Когда классический атеизм ставится в один ряд с холистическим синтетизмом, последний неожиданно выделяется как консервативный, аутичный вечный цикл, который застрял и просто повторяет фразы, которые становятся все более бессмысленными. Если синтетизм представляет собой то, что Ницше называет и прославляет как дионисийский драйв, то атеизм застревает в своей ретроспективной противоположности - аполлоническом драйве. Это не значит, что аполлоновский драйв нелегитимен: он не более нелегитимен, чем левое полушарие (если мы снова позволим себе метафорически заимствовать очевидные особенности человеческих полушарий головного мозга). Но оно не может действовать беспрепятственно, чтобы не возникло фатального дисбаланса. Атеос должен быть соотнесен с Энтеосом, Пантеосом и, прежде всего, Синтеосом. Аполлоническое стремление, которое Атеос проявляет в изоляции, должно быть подчинено дионисийскому стремлению в других частях синтетической пирамиды. Точно так же, как этернализирующее левое полушарие мозга, разделяющее и замораживающее события на отдельные фрагменты, должно взаимодействовать с мобилизующим правым полушарием мозга и его целостной перспективой, чтобы самовосприятие и мировоззрение человека было полным.

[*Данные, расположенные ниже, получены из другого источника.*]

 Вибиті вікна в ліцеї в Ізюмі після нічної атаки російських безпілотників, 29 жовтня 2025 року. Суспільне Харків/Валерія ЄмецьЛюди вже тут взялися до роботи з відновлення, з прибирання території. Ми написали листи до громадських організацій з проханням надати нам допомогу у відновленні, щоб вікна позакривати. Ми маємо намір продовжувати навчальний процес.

Несмотря на то, что вся метафизика начинается, вращается вокруг и заканчивается удивлением человека существованием - или, если хотите, удивлением природы, воплощенной в человеке и в нем самом, - эта постоянно повторяющаяся сложность эмоций остается загадкой для многих воинствующих атеистов. Они упорно цепляются за свой собственный, хрупкий, субъективный опыт - многие из них несколько причудливо называют себя гуманистами, как будто они сами способны служить утопической цели Бога своей благочестивой верой в разум - не понимая, что весь субъективный опыт, даже их собственный, состоит всего лишь из эмоций. Это не самое худшее, что есть в этом мире, но этот факт необходимо признать и проанализировать. Разумеется, уместным ответом будет вопрос о том, как эмоции могли стать исторической проблемой для такого эмоционального существа, как человек. В конце концов, они столь же подлинны и реальны, как и любые другие физические явления. И они, бесспорно, неизбежны. Так почему бы вместо этого не капитулировать перед этими эмоциями, чтобы впоследствии исследовать, на какие великие подвиги может вдохновить такое принятие?

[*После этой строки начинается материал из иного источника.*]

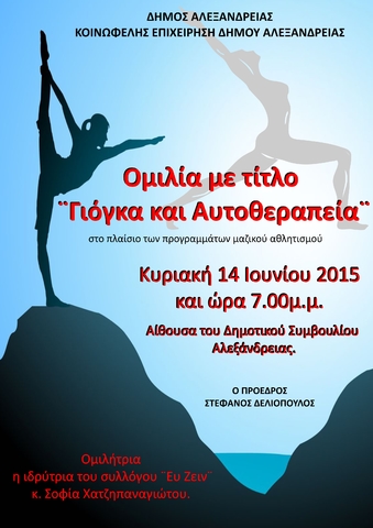 Η Κοινωφελής Επιχείρηση δήμου Αλεξάνδρειας, στο πλαίσιο των προγραμμάτων μαζικού αθλητισμού, σας προσκαλεί την Κυριακή 14 Ιουνίου 2015 και ώρα 7:00μ.μ., στην ομιλία με τίτλο “Γιόγκα και Αυτοθεραπεία” που θα πραγματοποιηθεί στην… αίθουσα του Δημοτικό Συμβουλίου Αλεξάνδρειας.

Пока атеисты остаются на своих позициях и протестуют против всех других иллюзий, кроме своей собственной, к которой они слепы, пока они иронично удивляются, почему никто не хочет эмоционально участвовать в их благородном деле - разве что с ограниченной, но сильной завистью, направленной на то, чего не хватает и чего никогда не считаешь себя способным достичь, а именно на живую веру, - утвердительные пост-атеистические синтетики решают вовлечь и интегрировать эмоциональную жизнь непосредственно в свое мировоззрение. Пройдя через четыре концепции, а не через одну; оставив категориальный холод Атеоса и впустив эмоциональное тепло Энтеоса в оценку Пантеоса, они получают грозный религиозный опыт. Именно эта бесспорно религиозная эмоция, этот сильный мистический опыт приводит синтетического агента в движение к утопии, к завершению синтетической пирамиды, поскольку этот опыт порождает желание сделать невозможное возможным. Здесь пробуждается желание создать Синтеоса. Или, выражаясь поэтическим языком: Синтез - это свет, который позволяет ощутить себя в конце темного туннеля атеизма.
Рано или поздно мы сталкиваемся с огромностью бытия. Начнем с того, что между нами и вещами, которые окружают нас в повседневной жизни, с одной стороны, и мельчайшими компонентами существования - вибрирующими, геометрически многомерными фигурами, которые связываются вместе, образуя пространство, время, вакуум и материю, - с другой, существуют огромные расстояния. Но между мелочами, которые нас окружают, и гигантскими множествами галактик в космологии, огромными вибрирующими пустотами между ними, не говоря уже о бесконечном количестве возможных вселенных, помимо нашей собственной, во вполне мыслимой мультивселенной, существуют огромные расстояния. Результатом этого является фундаментальное понимание синтетистами безмерности, интенсивности и продуктивности существования, теологическая убежденность, которую философ-синтетик Роберт Коррингтон - в своем радикальном прочтении отца прагматизма Чарльза Сандерса Пирса в его книге "Семиотическая теория теологии и философии" - называет экстатическим натурализмом.